Medida nacionalista nasce com pernas curtas

MARCELO LEITE
COLUNISTA DA FOLHA

MAIS até do que a aquisição de terras, a mera presença de estrangeiros na Amazônia costuma ser encarada como suspeita por princípio. A desconfiança de que não brasileiros só se dirigem à floresta com segundas intenções beira a paranoia. Se vier apenas para dar satisfação à sanha nacionalista, a legislação em estudo nascerá velha e inócua.
Dito isso, é possível reconhecer que ajustar os limites para a posse de terras por estrangeiros na região não é de todo descabido. A Amazônia guarda a maior porção contínua de floresta tropical do planeta. Embora não seja exclusiva do Brasil, que a partilha com outros oito países, aqui ficam ao menos 50% da mata.
Três tipos de patrimônio estratégico se encontram reunidos ali em grande quantidade. O mais relevante, no curto e médio prazos, é o carbono. Vale dizer, matéria orgânica armazenada na madeira, nas folhas, nas raízes e no solo.
Se derrubada a floresta, como fazemos no Brasil à taxa de uns 10 mil km2 por ano, a maior parte desse carbono vai para a atmosfera engrossar a manta de gases do efeito estufa. Com isso, realimentamos o aquecimento global.
É quase certo que, em dezembro, a Conferência de Copenhague adotará algum mecanismo para atribuir valor e gerar renda com a nova forma de riqueza. Florestas tropicais guardam o segundo maior estoque terrestre de carbono, com quase um quinto do total (perdem só para as florestas boreais, ou taiga).
Os outros dois gêneros de ativos, biodiversidade e água doce, são por ora de valor mais difícil de estabelecer. A promessa de muitas patentes, no caso da primeira, ainda não se materializou.

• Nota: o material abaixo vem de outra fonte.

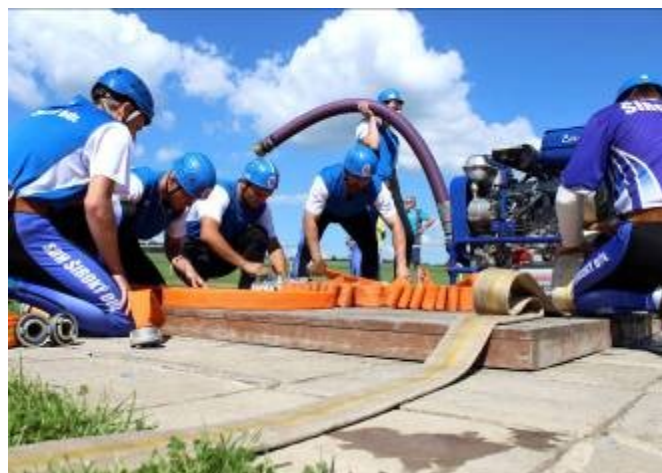
Družstvo Lubné a Širokého Dolu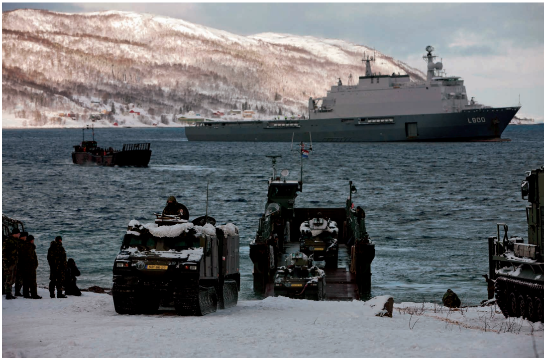
Het Navy-Marine Corps team: vanuit de Hr.Ms. Rotterdam landen Amerikaanse Mariniers met LCU's en BV's op de Noorse kust (2012)

Hierbij teken ik wel het volgende aan. Zoals gezegd bestaat het Korps Mariniers op dit moment uit zo'n drieduizend man. En we hebben een hoog ambitieniveau om een passend antwoord te kunnen bieden op verschillende soorten conflicten op elk moment. In de huidige constellatie houdt dit voor ons echter ook in dat we afhankelijk zijn van anderen, zoals voor aanvullende logistieke en gevechtsondersteuning die in Nederland bij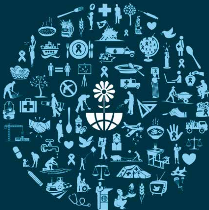
Fragment del cartell de Mans Unides per la campanya contra la fam.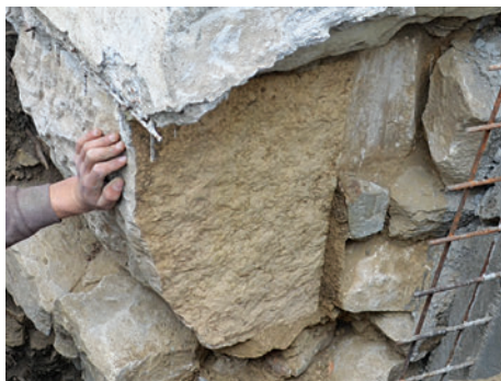
62. S4 – a hajóboltozat réteggöve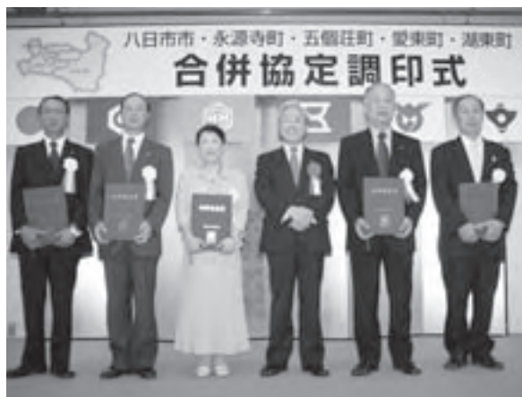
合併協定調印後知事とともに

E não existe um mercado para a massa líquida que flui pela foz do Amazonas e se perde no Atlântico, a milhares de quilômetros dos grandes centros urbanos.
Faz sentido, de todo modo, melhorar e aumentar o controle do Estado sobre esse território estratégico. Limitar propriedades de estrangeiros a 10% da área dos municípios parece sensato, também, pois eles são gigantescos na Amazônia. O de Altamira, no Pará, se espalha por 160 mil km2 -mais do que cinco Bélgicas.
Segundo o Incra, há hoje 36 mil km2 da Amazônia titulados para estrangeiros. Uma cifra subestimada, porque parcela desconhecida estaria nas mãos de laranjas. Mesmo assim, isso representa menos de 1% do bioma amazônico no Brasil. Ou pouco mais do que três anos de desmatamento, no ritmo atual de destruição.
Resta saber se o governo federal vai conseguir extinguir, também no caso dos estrangeiros, a tão brasileira instituição dos testas de ferro.